Now what has the opposition chosen to compare this to? Two very specific concepts associated with British history which don’t appear. Does he say how many references to the British and their culture appear in the curriculum (ie does he mirror his "references to Aborigines and their culture)? Hell no. Why? Because there are probably thousands!

Note the imbalance?

Reading statistics and soundbites critically is so important. Was that in the NZ curriculum?

Regardless of how you want to look at it, the point is there’s a lot of references to the Aborigines in the proposed curriculum, and realistically (and sadly) they haven’t contributed much to Australian society since Federation.

Incidentally, have you noticed how we seem to disagree on absolutely everything? It’s uncanny- I can’t think of the last time we actually had a convergent opinion on something.

Neither has Captain Cook, do you think he doesn’t deserve much mention either? Do you actually think before you post?

Plus you really aren’t getting it with the “lot of references” thing. Even if you subscribe to the complete opposite of the “black armband” view, any history of Australia is going to include aborigines and a hundred references is not a lot, even if all you do is talk about how unimportant they were (particularly if you are using creative ways to pump up the stats, which I don’t doubt the opposition would do. Do you?)

Where do you come by such blatant bullshit?

Hey, as far as I’m concerned, Colonialists don’t get bashed nearly enough. So as far as I’m concerned, this new curriculum is only a small step in the right direction.

Every White Australian kid should be made to live on a mission station for a semester, kind of analogous to how most German kids visit a KZ at some point. “Not Sorry Enough!” is my watchword.

He did “discover” (yes, I know the Dutch were here before he was, and the Aborigines before them) and/or chart at least two countries and make European settlement of them more or less possible, and in that respect has had a far bigger impact on modern Australia than the people here before he arrived.

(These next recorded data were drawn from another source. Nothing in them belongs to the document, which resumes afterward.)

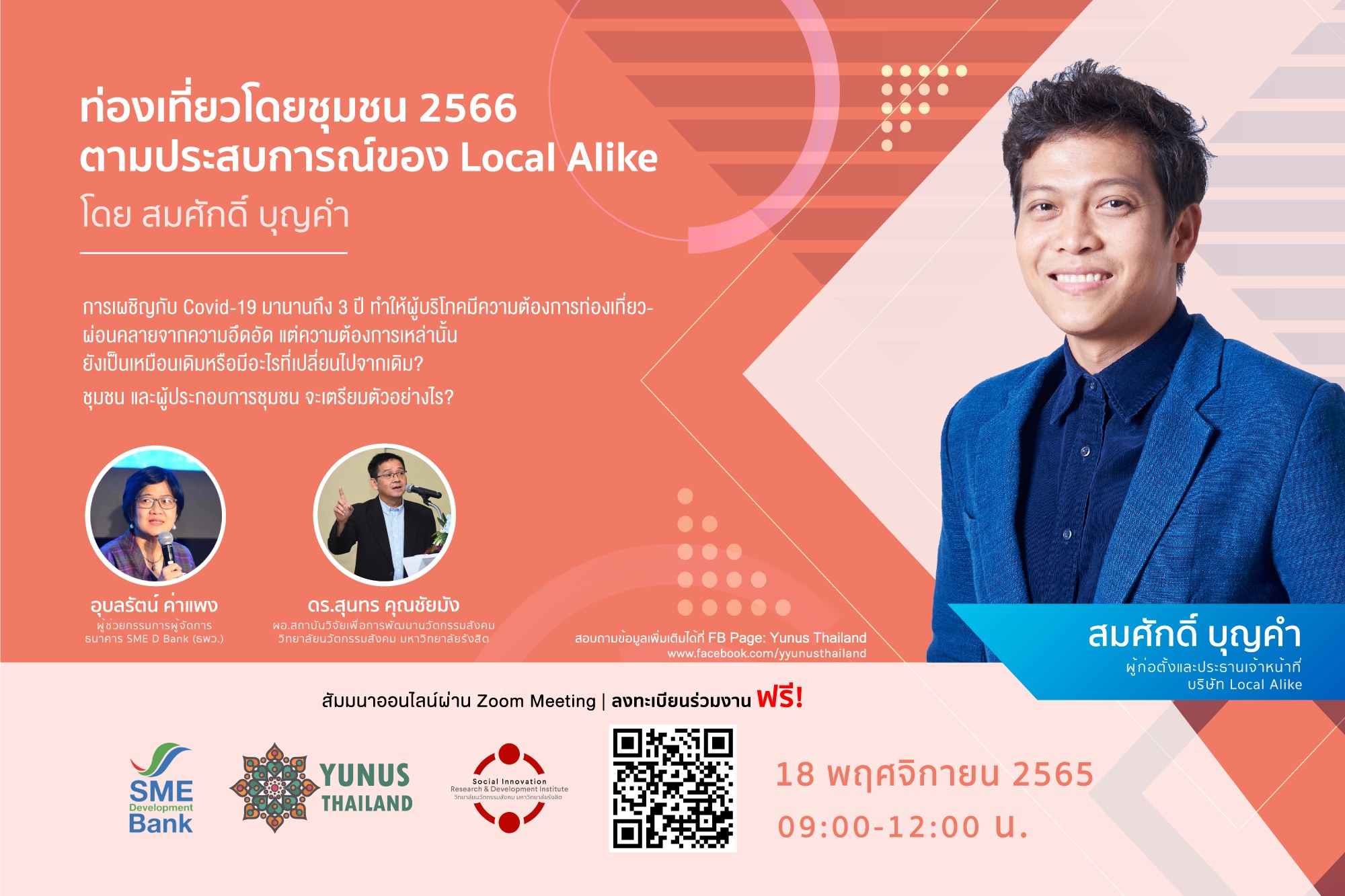 ธนาคารพัฒนาวิสาหกิจขนาดกลางและขนาดย่อมแห่งประเทศไทย ร่วมกับ มูลนิธิยูนุส ประเทศไทย และสถาบันวิจัยเพื่อการพัฒนานวัตกรรมสังคม วิทยาลัยนวัตกรรมสังคม มหาวิทยาลัยรังสิต เชิญร่วมสัมมนาออนไลน์ ความรู้เรื่อง BCG จากผู้ประสบความสำเร็จในการทำธุรกิจอย่างยั่งยืน หัวข้อ “ท่องเที่ยวโดยชุมชน 2566 ตามประสบการณ์ของ Local Alike” โดย สมศักดิ์ บุญคำ วันศุกร์ที่ 18 พฤศจิกายน 2565 เวลา 09.00 – 12.00 น. ผ่าน ZOOM ฟรี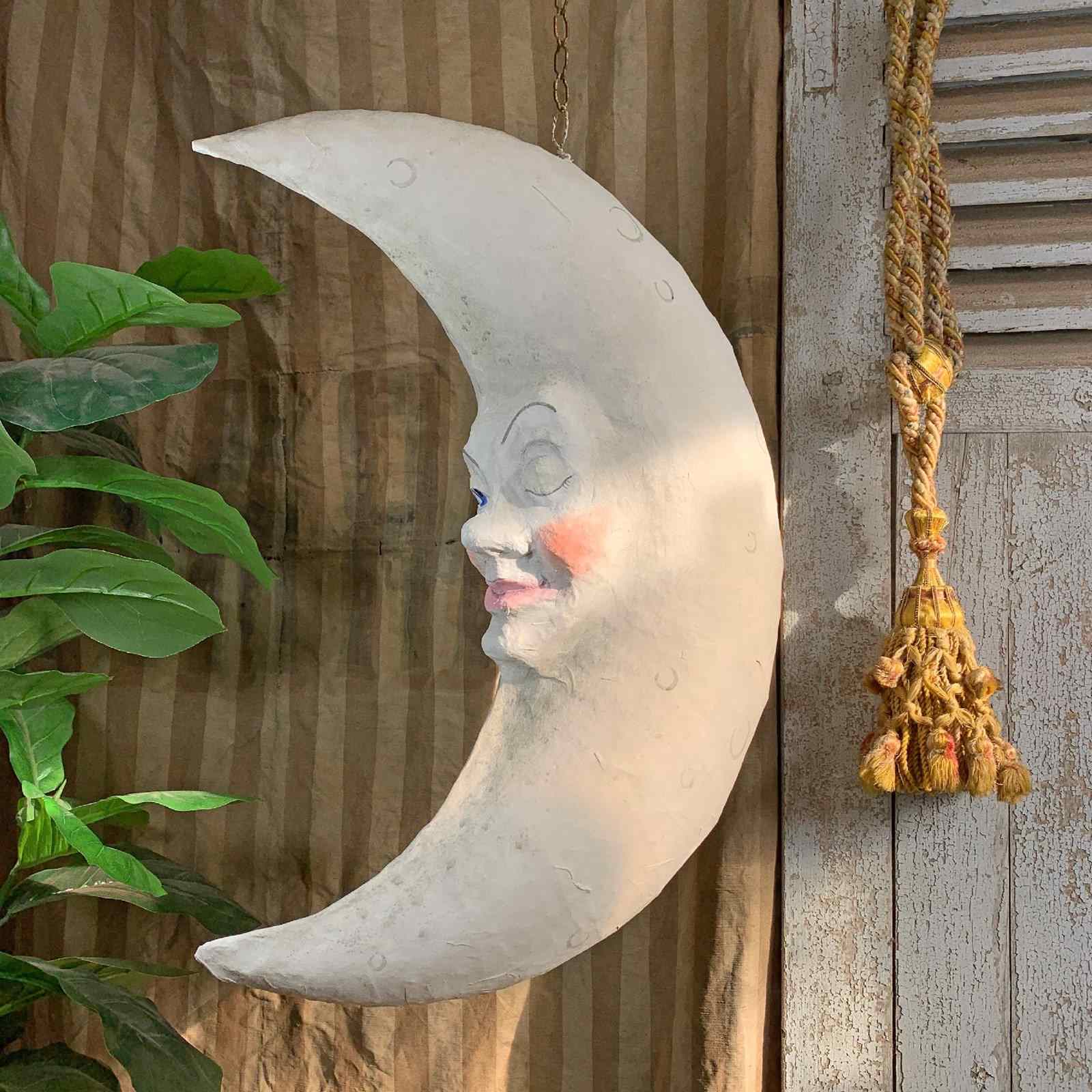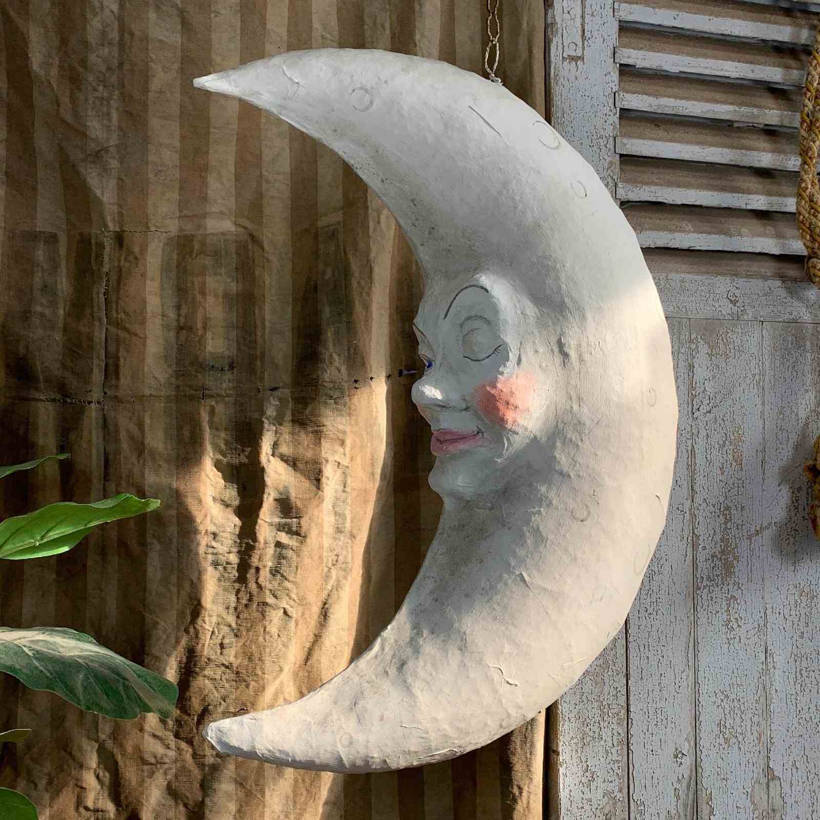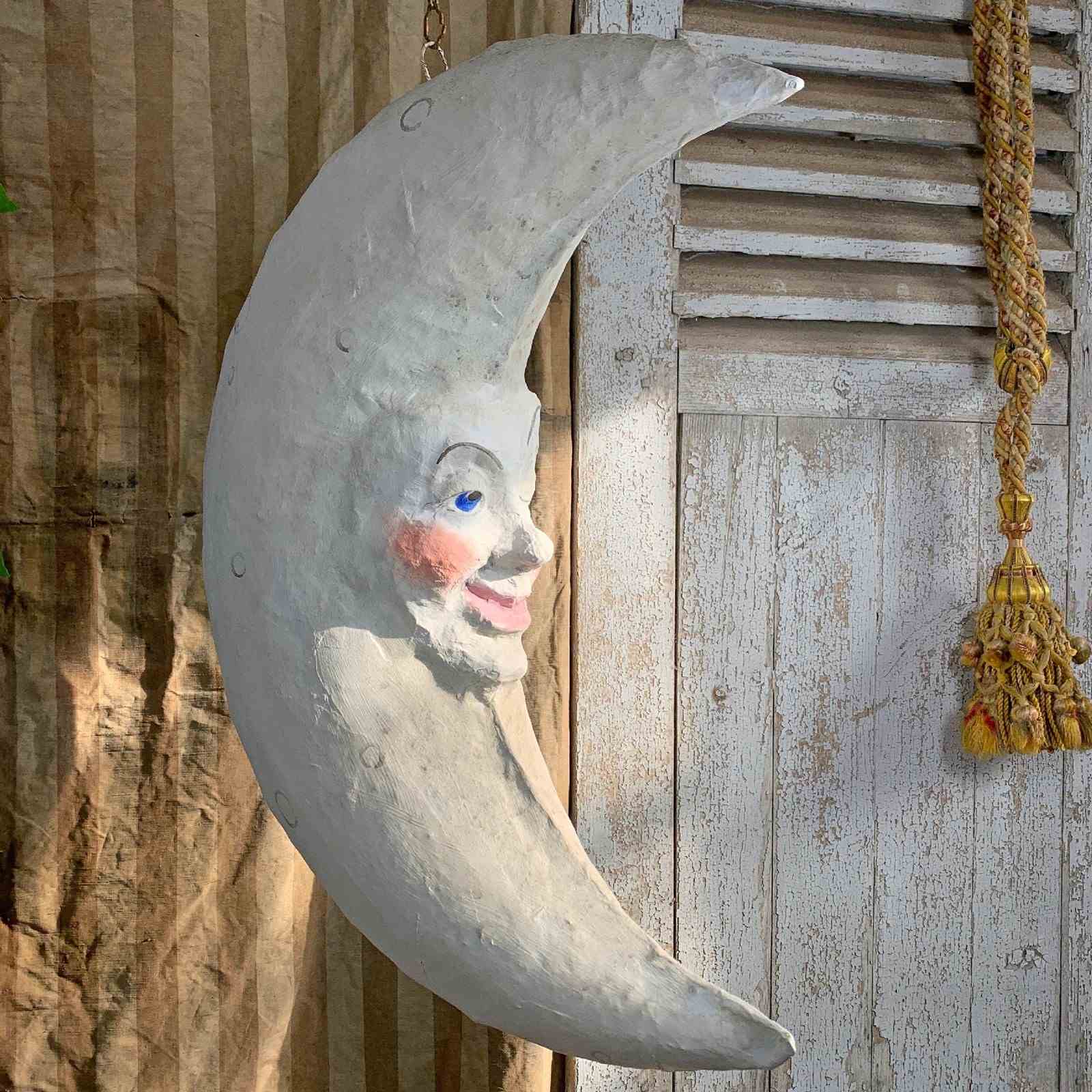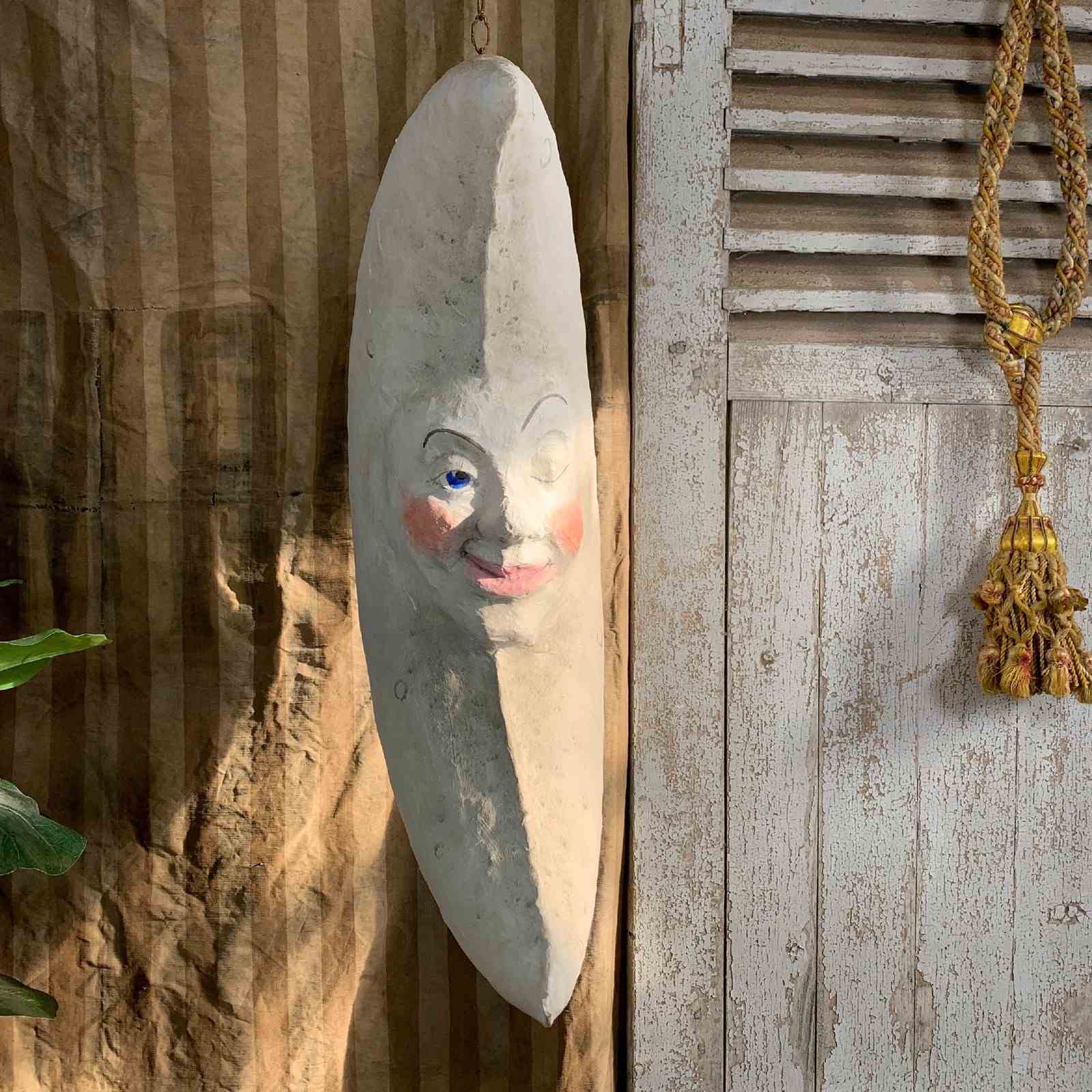 Large Folk Art Papier Mache Moon With Face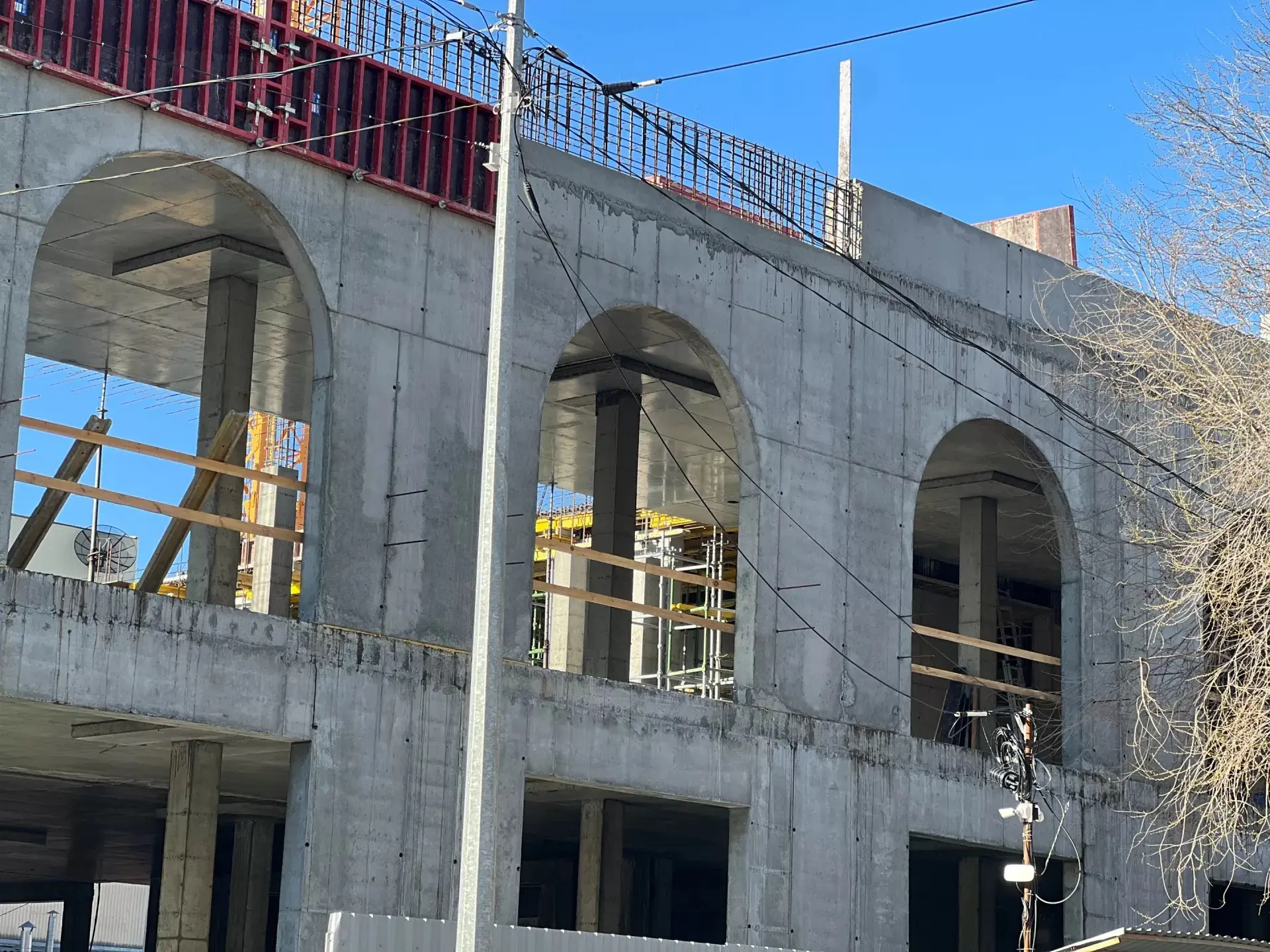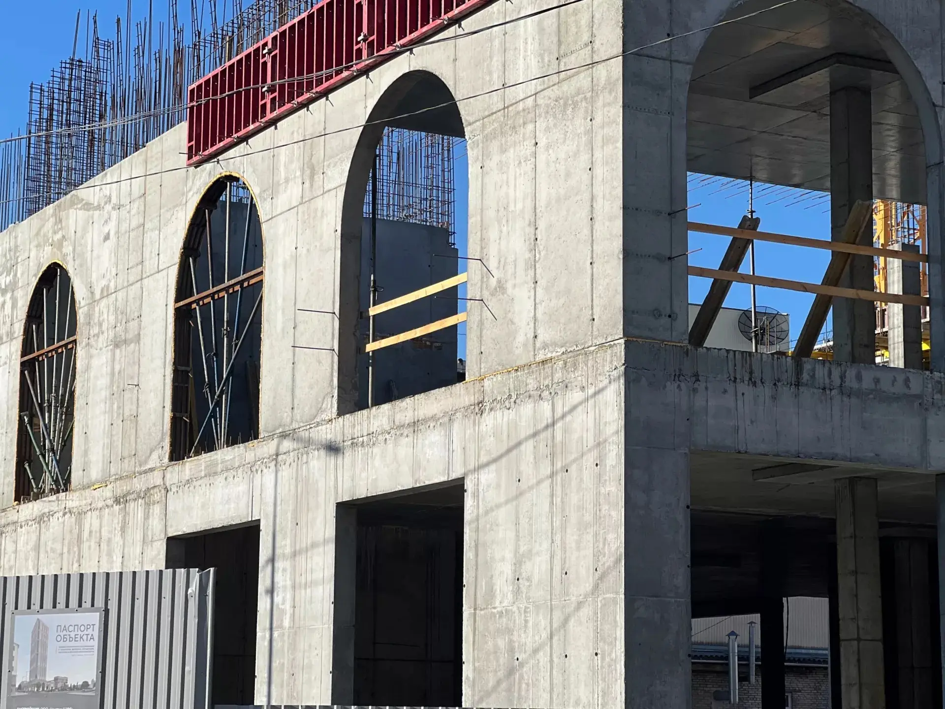Строители уже создали три этажа – подземный и два наземных. Прохожие могут наблюдать арочные конструкции, возвышающиеся за забором. Также на стройплощадке началось возведение конструкций двух башен.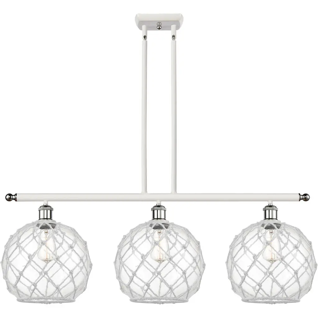 The Large Farmhouse Rope 3 Light Island Light is part of the Ballston Collection. Includes 10 Feet Rope. Includes 2-6 and 4-12 inch Stems With Solid Brass 90 Degree Hang Straight Swivels for Sloped Ceilings. Solid Brass 90 Degree Hang Straight Swivel for Sloped Ceilings Included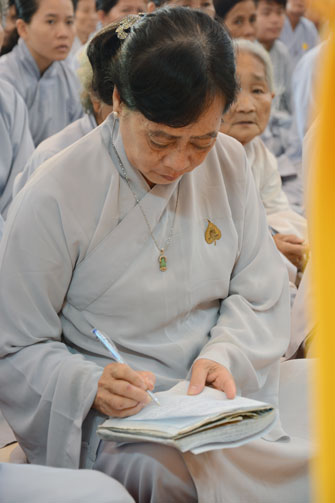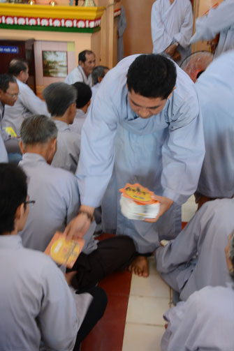 Kết thúc thời pháp thoại Thượng tọa gởi tặng đến đại chúng VCD “Vững Tiến”.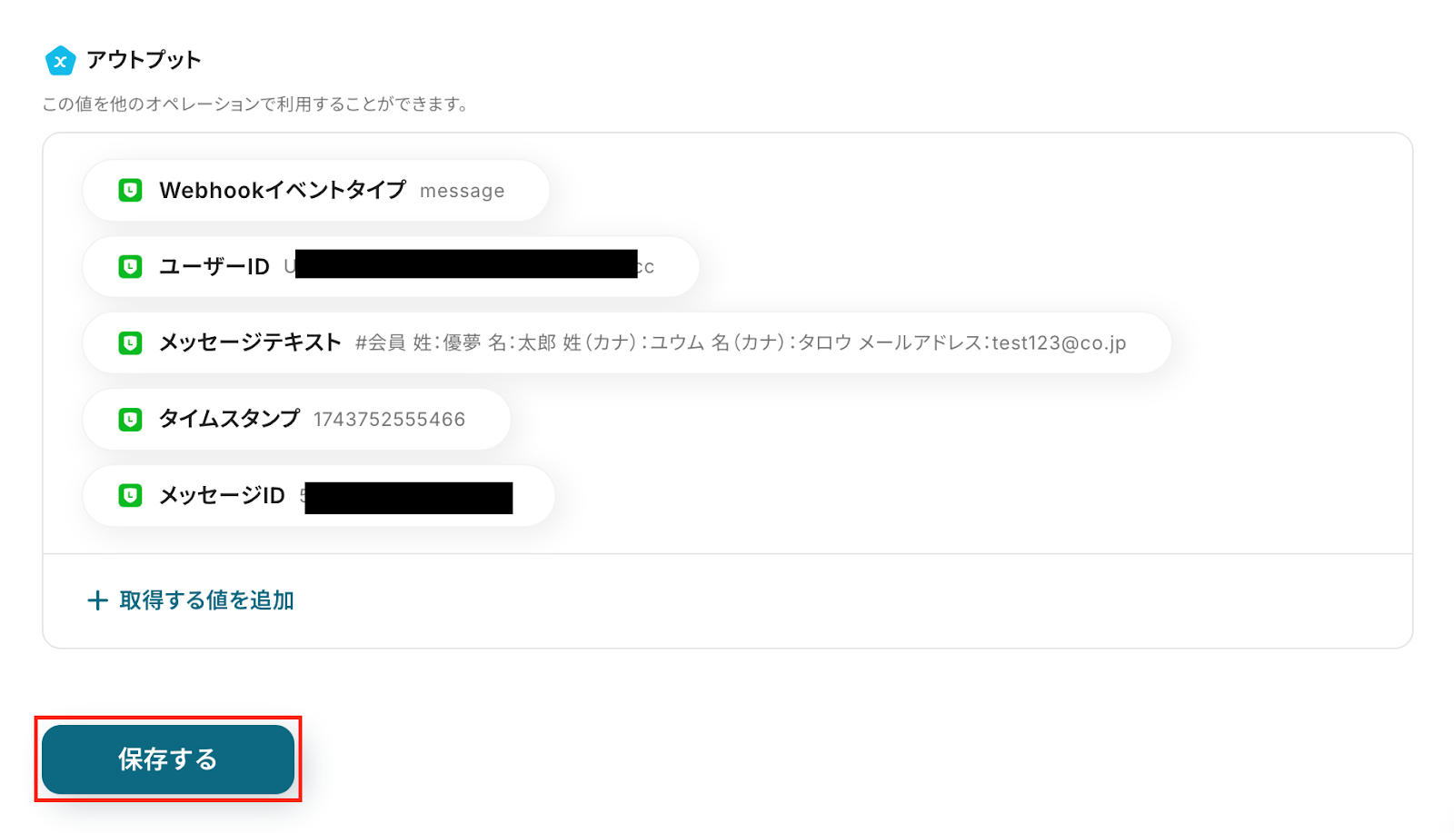アウトプットからチャットの送信内容が取得できたら、「保存する」をクリックしましょう。

Come on, that’s uncalled for. I don’t go around being an asshole to you, even if we do have diametrically opposing viewpoints on pretty much everything (or so it seems.)

But has he contributed much since Federation? That was the criteria you set. Not only is it a silly criteria, you haven’t thought through the implications of applying it consistently.

He does rather have the unfortunate disability of being dead, whereas there are still (fortunately) lots of Aboriginal people (and their culture) around.